1. The genome size is the number of open reading frames (ORFs) annotated as genes.
2. The genome size is number of ORFs with at least one ortholog in other genomes completed so far.
3. The genome size is the number of orthologous groups present in a species.
4. In addition, the number of orthologs shared between genomes compared may be considered as the genome size. This option should be applied, if only genes having an ortholog in the genome compared with are considered for the gene order analysis. (In that case that value represents the theoretical maximum of conserved gene pairs.)

Distance measure and clustering algorithm:
- Selectable parameters are identical for gene order and gene content phylogenies.

References

Felsenstein, J. (1989) PHYLIP-phylogeny inference package (Version 3.2). Cladistics, 5, 164-166.

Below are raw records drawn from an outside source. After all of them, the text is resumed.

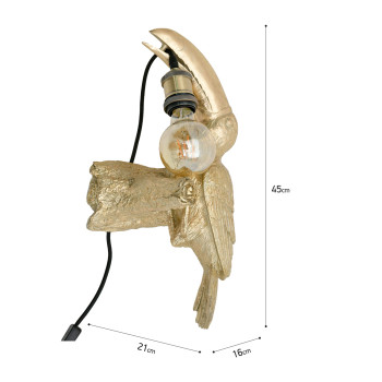 • ​​​​​​Die goldene Wandleuchte in Form eines Tukans ist eine originelle und stilvolle Ergänzung für Ihr Interieur. Diese Lampe verleiht Ihrem Raum ein exotisches und zugleich luxuriöses Aussehen.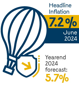 During the second quarter, headline inflation remained stable, while core inflation (the measure of inflation that excludes temporary movements in the prices of food and regulated items) continued to decline. The aggregate effects of monetary policy, together with low exchange rate pressures, would contribute towards maintaining inflation’s downward trajectory, moving it closer to the 3.0% target by yearend 2025. Economic activity levels would continue to recover for the remainder of 2024 and moving into 2025. As long as inflation and its expectations continue to distinctly converge towards the 3% target, monetary policy can assume a less restrictive stance and contribute further towards the recovery of economic activity.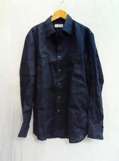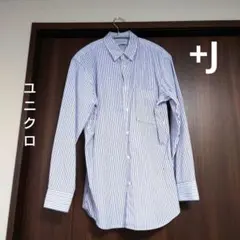 ユニクロプラスJ メンズL オーバーサイズスタンドカラー ストライプシャツ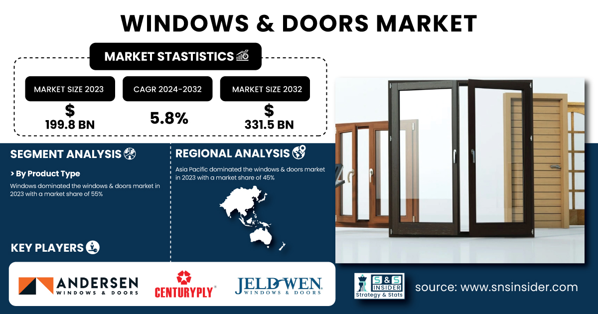 AUSTIN, TX, UNITED STATES, February 17, 2025 /EINPresswire.com/ -- The windows & doors market was valued at USD 199.8 billion in 2023 and is projected to reach USD 331.5 billion by 2032, growing at a CAGR of 5.8% from 2024 to 2032. The rise in construction activities alongside strict regulations by the government, as well as, initiatives taken concerning sustainable and energy-efficient buildings are the factors driving the market growth. Windows and doors are an important element of green building, as they are one of the major contributors to thermal insulation and energy conservation. Moreover, the availability and advancements in technological materials like uPVC, fiberglass, and composite wood are also boosting the market by providing better durability, aesthetics, and security.Get a Sample Report of Windows & Doors Market @ https://www.snsinsider.com/sample-request/2933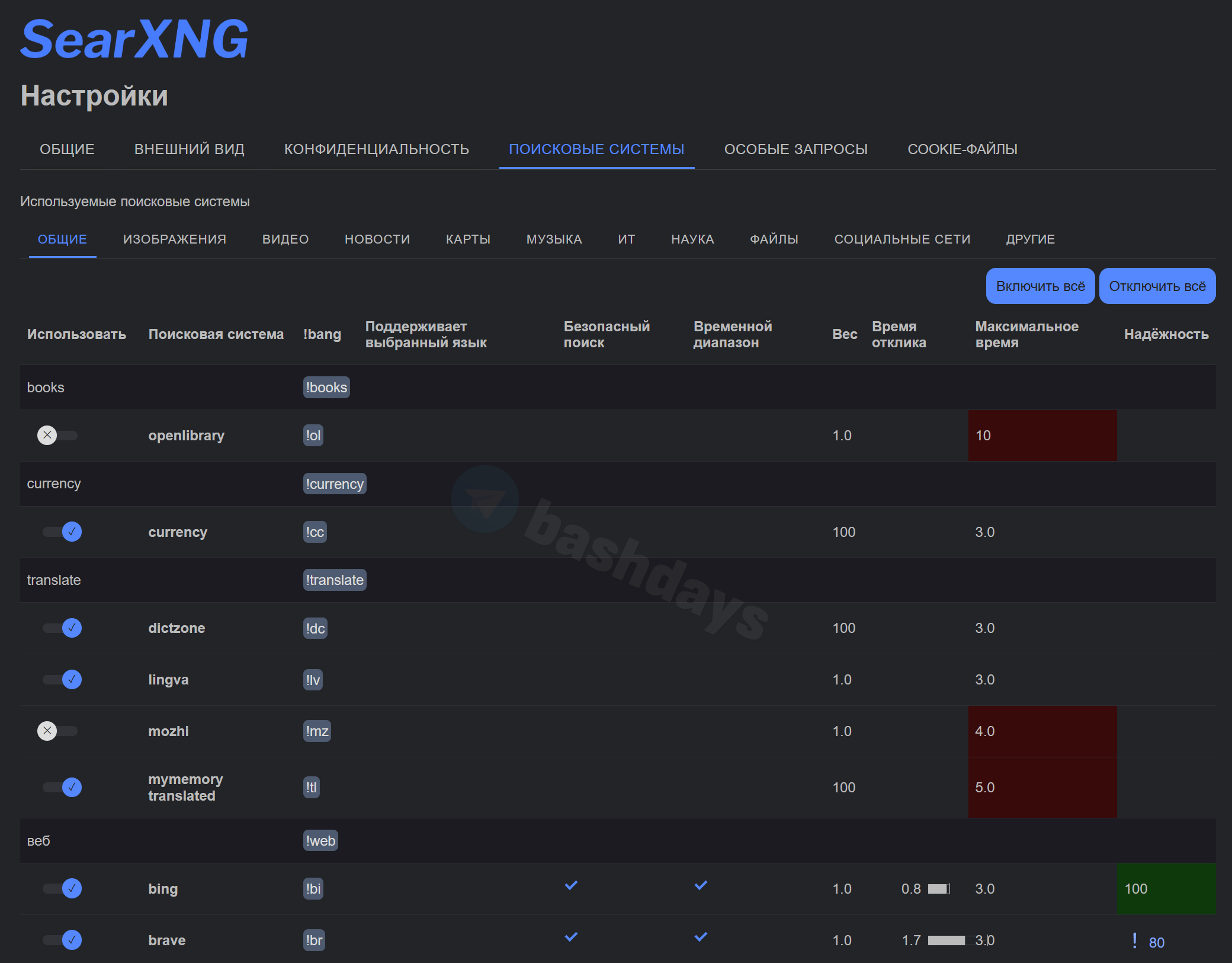 Обращаем внимание на SEARXNG_SECRET_KEY и secret_key они должны быть одинаковыми. Остальное интуитивно понятно. Да, еще если не нужна прокся, можешь закомментировать блок proxies, но рекомендую оставить, воткнуть луковицу либо приобрести быстрые socks5, либо поднять свои.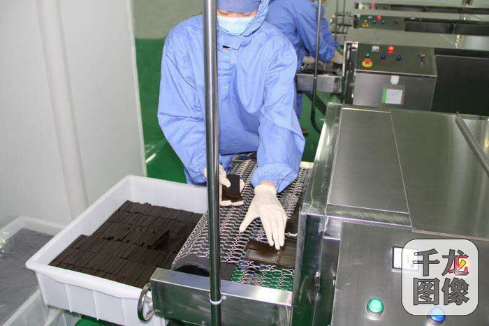 北京同仁堂工作人员在食用阿胶专用生产线上认真作业。北京同仁堂供图。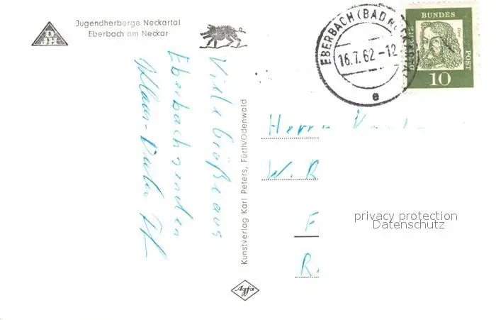 Eberbach Neckar Kategorie Alte Ansichtskarten Postkarten bx64160 Eberbach_Neckar Neckartal Jugendherberge Eberbach Neckar postalisch gelaufen 1962 Erhaltung siehe scans [KathaD81]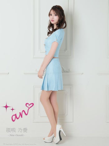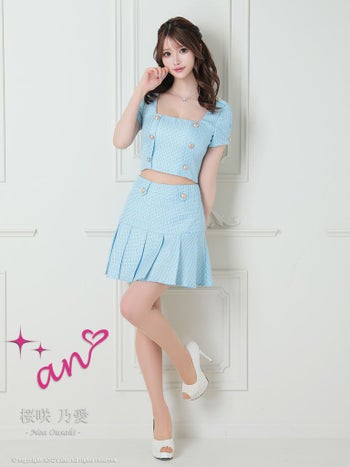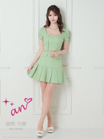キャバドレス an アン パフスリーブ プリーツ ゴールドボタン ツイード セットアップ 半袖 フレアミニドレス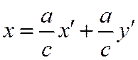 Перепишем уравнения асимптот гиперболы в виде . Введём новую систему координат, принимая за начало координат по-прежнему центр гиперболы, а за масштабные векторы осей и - единичные направляющие векторы асимптот: , . Тогда формулы преобразования координат будут иметь вид: , .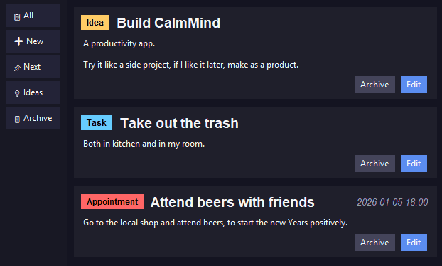CalmMind - a simple desktop app for clarity, tasks, and reminders

Fitch, W.M & Margoliash, E., (1967). Construction of phylogenetic trees. Science, 155, 279-284.

Fitz-Gibbon, S.T and House, C.H. (1999) Whole genome-based phylogenetic analysis of free-living microorganisms. Nucleic Acids Res., 27, 4218-4222.

Huynen, M., Snel, B & Bork, P. (1999). Lateral gene transfer, genome surveys, and the phylogeny of prokaryotes. Science, 286, 1443a.

Korbel, J.O., Snel, B., Huynen, M.A., Bork, P. (2002). SHOT: a web server for the construction of genome phylogenies. Trends Genet., 18, 158-162.

Pearson, W., (1998). Empirical statistical estimates for sequence similarity searches. J. Mol. Biol., 276, 71-84.

von Mering, C., Huynen, M., Jaeggi, D., Schmidt, S., Bork, P. & Snel, B., (2003). STRING: a database of predicted functional associations between proteins. Nucleic Acids Res., 31, 258-261.

Saitou, N. & Nei, M., (1987). The neighbor-joining method: a new method for reconstructing phylogenetic trees. Mol. Biol. Evol., 4, 406-425.

Snel, B., Bork, P. & Huynen, M., (1999). Genome phylogeny based on gene content. Nat. Genet., 21, 108-110.

Swofford, D.L. and Olsen, G.J. (1990) Phylogeny construction. In Molecular Systematics (Hillis, D.M. and Moritz, C., eds), pp. 411-501, Sinauer Associates

Tatusov, R.L. et al. (2001). The COG database: new developments in phylogenetic classification of proteins from complete genomes. Nucleic Acids Res., 29, 22-28.